_EXERCISE BRIEF:_ Print nothing beyond the line with "Hyoscine butylbromide, also": every line from the beginning of the data up to it, that line included, and no pictures.

_DATASET RECORDS:_
--- START ---

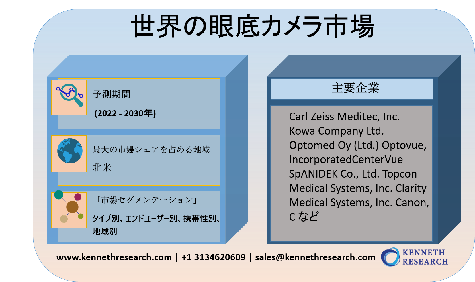 Kenneth Researchは調査レポート「世界の眼底カメラ市場:世界的な需要の分析及び機会展望2030年」を2022年01月 12日 に発刊しました。これは、詳細な市場の業界需要分析と市場の成長に影響を与えるさまざまな要因を提供します。レポートは、予測期間、市場価値、市場ボリューム、成長率、セグメント、市場プレーヤー、成長ドライバーを含む市場の成長を提供します。調査方法には、市場の評価と予測データの計算に基づく履歴データと現在のデータの収集が含まれます。このレポートのデータ収集には、一次調査と二次調査の両方が含まれます。
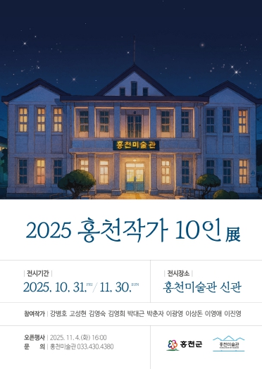 홍천군은 지역 예술인의 창작활동을 지원하고 예술 교류의 장을 마련하기 위해 '2025 홍천작가 10인전'을 개최한다고 밝혔다.
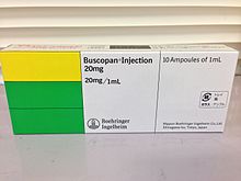 Hyoscine butylbromide, also known as scopolamine butylbromide[3] and sold under the brandname Buscopan among others,[4] is an anticholinergic medication used to treat crampy abdominal pain, esophageal spasms, renal colic, and bladder spasms.[5][6] It is also used to improve respiratory secretions at the end of life.[7] Hyoscine butylbromide can be taken by mouth, injection into a muscle, or into a vein.[4]
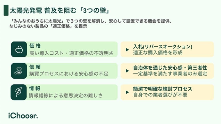 私たちが「共同購入事業」を通じて目指すのは、生活者が自ら納得して判断する「能動的な選択」の機会を提供することです。 まだ馴染みの薄い太陽光パネルや蓄電池を、「一部の先進的な選択」から「誰もが検討できる現実的な選択肢」へと定着させ、安心して手軽に導入できる環境づくりを重視しています。本事業では、普及を阻む「3つの壁」を解消することで、再生可能エネルギーのさらなる普及を支援してまいります。
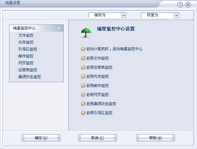 瑞星里是不是没设置开启全部监控?
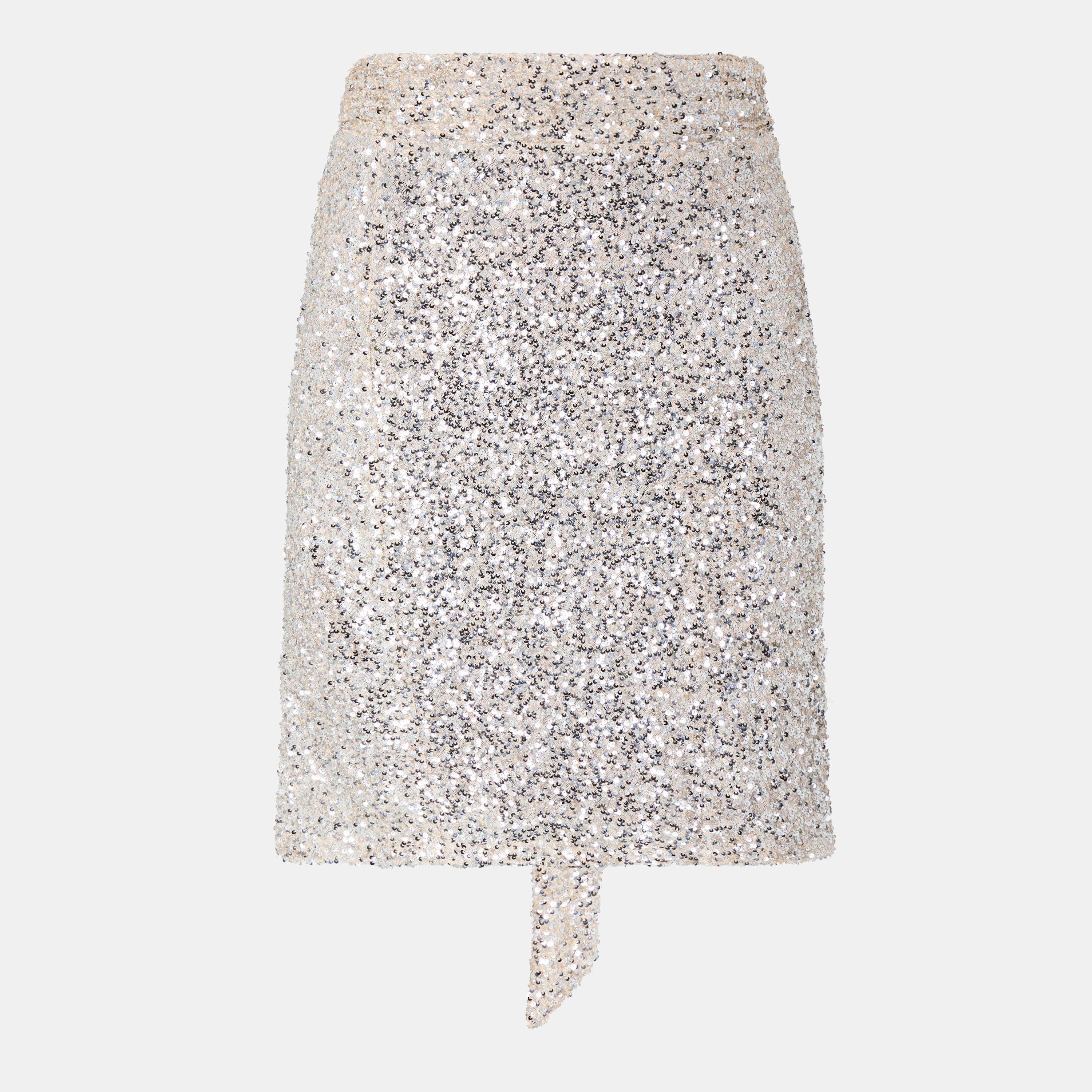 Make a statement at any soirée with the Never Fully Dressed Sequin Jaspre Mini Skirt. This season, sequins take centre stage, the silhouette is complemented by a side slit that embodies modern femininity. This mini skirt captivates as it catches and glimmers in the sunlight, exuding an iridescent allure reminiscent of a disco ball.
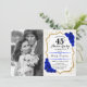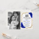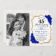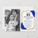 Invitación del 40º Aniversario de Boda con Foto. Diseño elegante en zafiro y blanco con falso brillo dorado. Cuenta con letra script, rosas azules reales y confeti. ¡Se puede personalizar para cualquier año! Envíame un mensaje si necesitas más personalización.
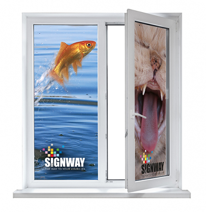 We hebben alles om uw ramen te bekleven met sprekende reclameboodschappen: raamstickers, raamfolie, zandstraalfolie, one-way vision...
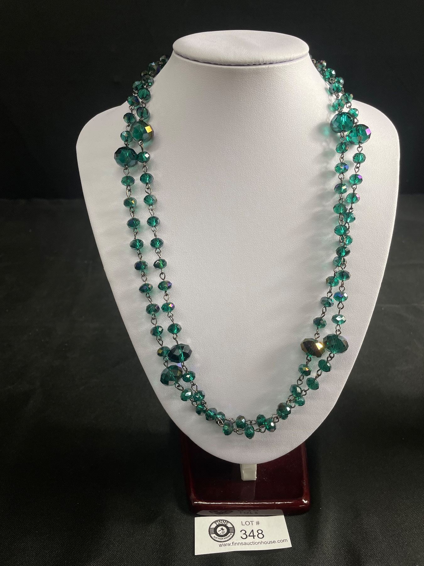 Gorgeous Teal Colour Crystal Necklace Double Length
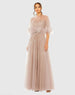 Intricate beading adorns this mini dress, adding a touch of glamour to any occasion. With its high neckline and ruffle detailing, it exudes elegance and femininity. Whether it's a formal event or a cocktail party, this dress ensures you'll make a striking impression. Mac...
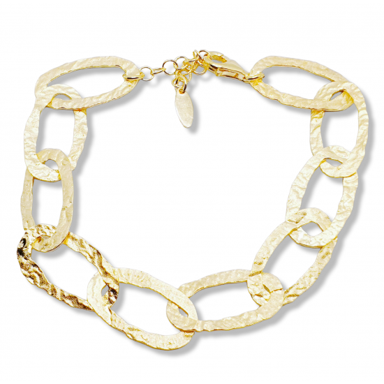 Pulsera en plata de ley con baño en oro. Eslabones planos matizados. Largo 17.5 + 3cm
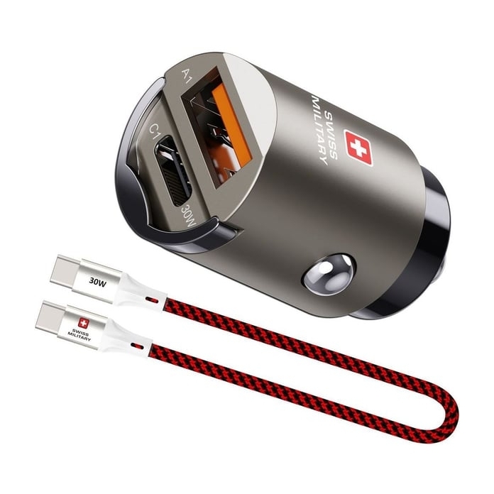 Swiss Military 30W PD Car Charger With 1 USB-C And 1 USB-A Port

--- END ---

_ANSWER SECTION:_
 Kenneth Researchは調査レポート「世界の眼底カメラ市場:世界的な需要の分析及び機会展望2030年」を2022年01月 12日 に発刊しました。これは、詳細な市場の業界需要分析と市場の成長に影響を与えるさまざまな要因を提供します。レポートは、予測期間、市場価値、市場ボリューム、成長率、セグメント、市場プレーヤー、成長ドライバーを含む市場の成長を提供します。調査方法には、市場の評価と予測データの計算に基づく履歴データと現在のデータの収集が含まれます。このレポートのデータ収集には、一次調査と二次調査の両方が含まれます。
 홍천군은 지역 예술인의 창작활동을 지원하고 예술 교류의 장을 마련하기 위해 '2025 홍천작가 10인전'을 개최한다고 밝혔다.
 Hyoscine butylbromide, also known as scopolamine butylbromide[3] and sold under the brandname Buscopan among others,[4] is an anticholinergic medication used to treat crampy abdominal pain, esophageal spasms, renal colic, and bladder spasms.[5][6] It is also used to improve respiratory secretions at the end of life.[7] Hyoscine butylbromide can be taken by mouth, injection into a muscle, or into a vein.[4]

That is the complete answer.